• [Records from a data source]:

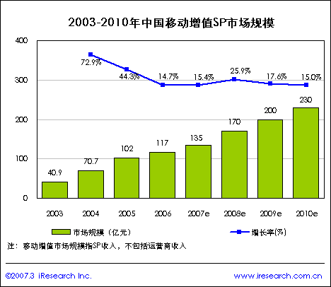 中國(guó)移動(dòng)增值服務(wù)從其產(chǎn)生開(kāi)始,便因其服務(wù)的多樣性和個(gè)性化而受到廣大用戶的歡迎,市場(chǎng)規(guī)模增長(zhǎng)非常迅速。大眾移動(dòng)增值業(yè)務(wù)市場(chǎng)是一塊增長(zhǎng)快速、極具吸引力的沃土,以短信為代表的移動(dòng)增值業(yè)務(wù)正在為移動(dòng)運(yùn)營(yíng)商和服務(wù)、服務(wù)提供商(SP)創(chuàng)造更多的收入,而WAP/MMS/Java等2.5G業(yè)務(wù)也將從2007年開(kāi)始進(jìn)入高速發(fā)展階段。
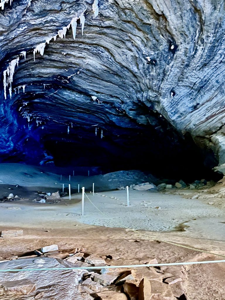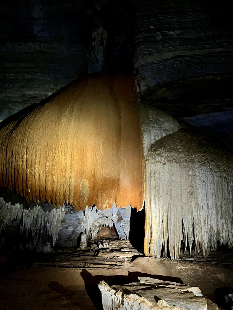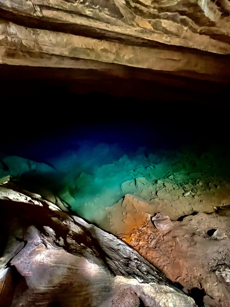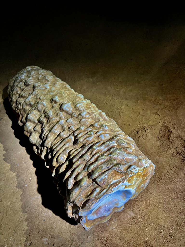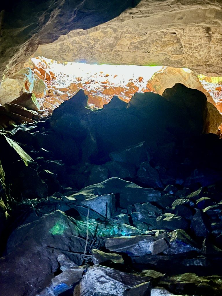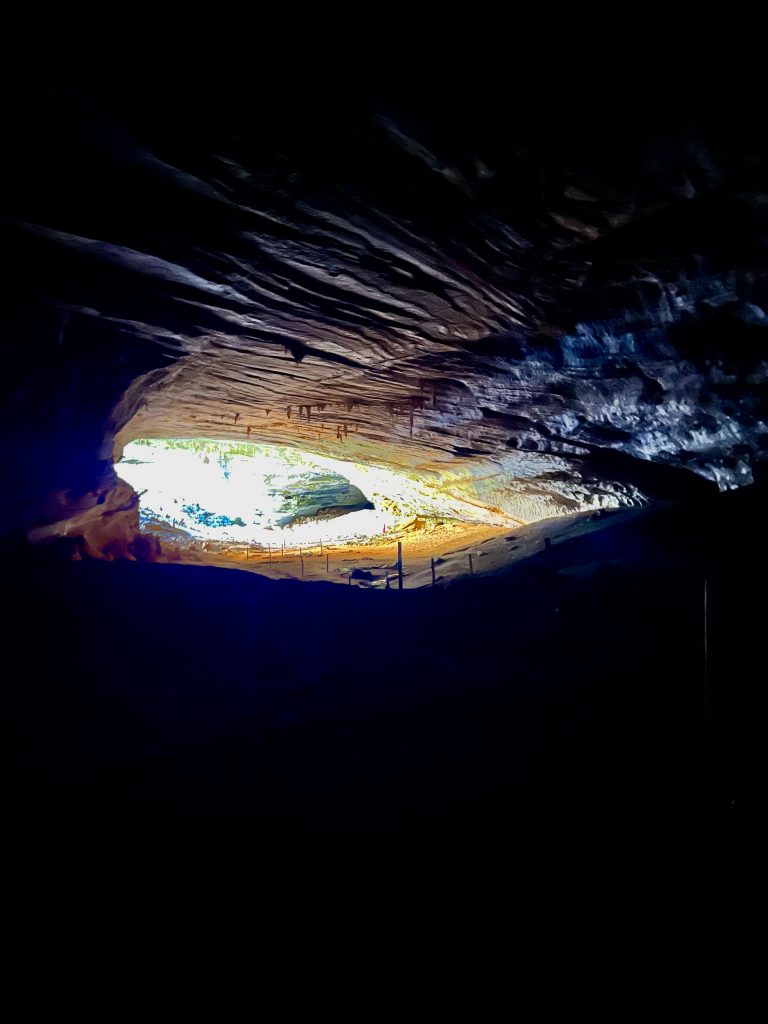 Dann gibt es noch eine kleine Meditationspause, wir setzen uns auf den Boden, schalten die Taschenlampen aus und lauschen dem Nichts. Danach versuchen wir noch Antonio oder den Höhlenguide zum Singen zu bringen, so wie in der tollen Höhle in Südafrika, klappt aber nicht. 😄 Dann laufen wir eben dem Ausgang entgegen.
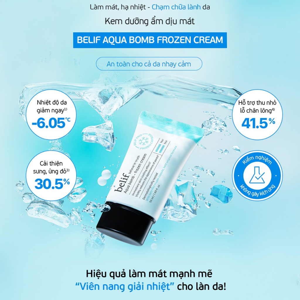 [Hàng công ty] Set Kem dưỡng làm dịu da và thu nhỏ lỗ chân lông BELIF AQUA BOMB FROZEN CREAM 50ml + 10mlx2
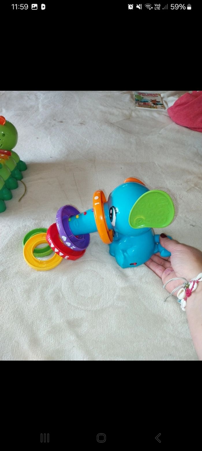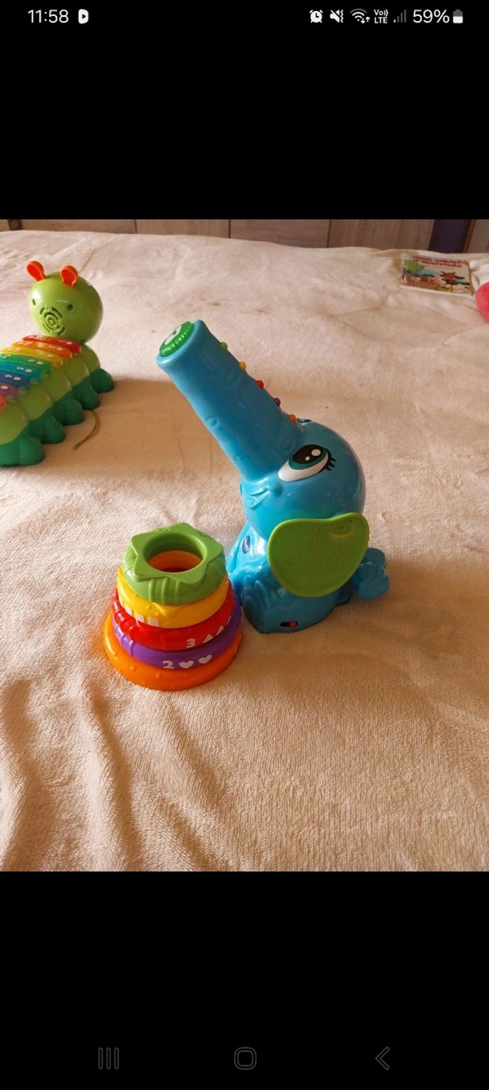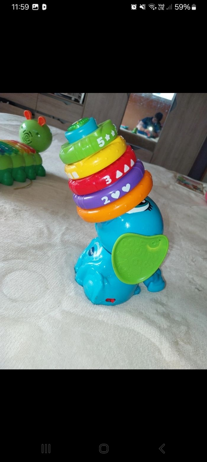 Lumineux et musical, petit éléphant rigolo qui compte les anneaux et les fait tomber. Decouvre les chiffres, les formes et les couleurs, encourage à empiler les anneaux sur sa trompe et à appuyer sur sa queue pour les faire tomber. 3 jolies chansons en appuyant sur la note de musique au bout de la trompe d’Empilo.
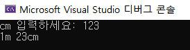▶ m = cm / CM : 사용자가 입력한 cm 값을 100으로 나눈 몫은 m

• [WHAT YOU NEED TO DO]:
Give back every record exactly. Omit the pictures.

• [ANSWER SPACE]:
 中國(guó)移動(dòng)增值服務(wù)從其產(chǎn)生開(kāi)始,便因其服務(wù)的多樣性和個(gè)性化而受到廣大用戶的歡迎,市場(chǎng)規(guī)模增長(zhǎng)非常迅速。大眾移動(dòng)增值業(yè)務(wù)市場(chǎng)是一塊增長(zhǎng)快速、極具吸引力的沃土,以短信為代表的移動(dòng)增值業(yè)務(wù)正在為移動(dòng)運(yùn)營(yíng)商和服務(wù)、服務(wù)提供商(SP)創(chuàng)造更多的收入,而WAP/MMS/Java等2.5G業(yè)務(wù)也將從2007年開(kāi)始進(jìn)入高速發(fā)展階段。
 Dann gibt es noch eine kleine Meditationspause, wir setzen uns auf den Boden, schalten die Taschenlampen aus und lauschen dem Nichts. Danach versuchen wir noch Antonio oder den Höhlenguide zum Singen zu bringen, so wie in der tollen Höhle in Südafrika, klappt aber nicht. 😄 Dann laufen wir eben dem Ausgang entgegen.
 [Hàng công ty] Set Kem dưỡng làm dịu da và thu nhỏ lỗ chân lông BELIF AQUA BOMB FROZEN CREAM 50ml + 10mlx2
 Lumineux et musical, petit éléphant rigolo qui compte les anneaux et les fait tomber. Decouvre les chiffres, les formes et les couleurs, encourage à empiler les anneaux sur sa trompe et à appuyer sur sa queue pour les faire tomber. 3 jolies chansons en appuyant sur la note de musique au bout de la trompe d’Empilo.
▶ m = cm / CM : 사용자가 입력한 cm 값을 100으로 나눈 몫은 m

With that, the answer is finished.